The light shielding layers 314 are formed on the other surface of the first substrate 310 at a predetermined plurality of intervals, generally for distinguishing the red, green, and blue color filter layers 312R, 312G, and 312B.

The color filter layers 312R, 312G, and 312B are generally formed of a photosensitive organic material, and are alternately arranged between the light shielding layers 314 in a red, green, and blue color filter pattern.

The second conductive layer 317 is substantially patterned under the light shielding layer 314 to form a shape corresponding to one of the light shielding layers 314.

Meanwhile, a coating layer 318 may be selectively formed under the color filter layers 312R, 312G, and 312B to remove the step difference generated by the color filter layers 312R, 312G, and 312B. And improve flatness.
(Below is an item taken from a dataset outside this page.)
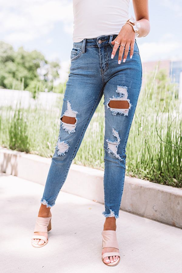 The Etta High Waist Distressed Ankle Skinny In Medium Wash

In this example, the second conductive layer 317 may be formed under the coating layer 318. Here, the coating layer 318 may include a thermosetting material.

The second conductive layer 317 may be formed between the second substrate 320 and the light shielding layer 314. In this example, the second conductive layer 317 is patterned to form one of the corresponding light shielding layers 314 or is formed entirely on the second substrate 320.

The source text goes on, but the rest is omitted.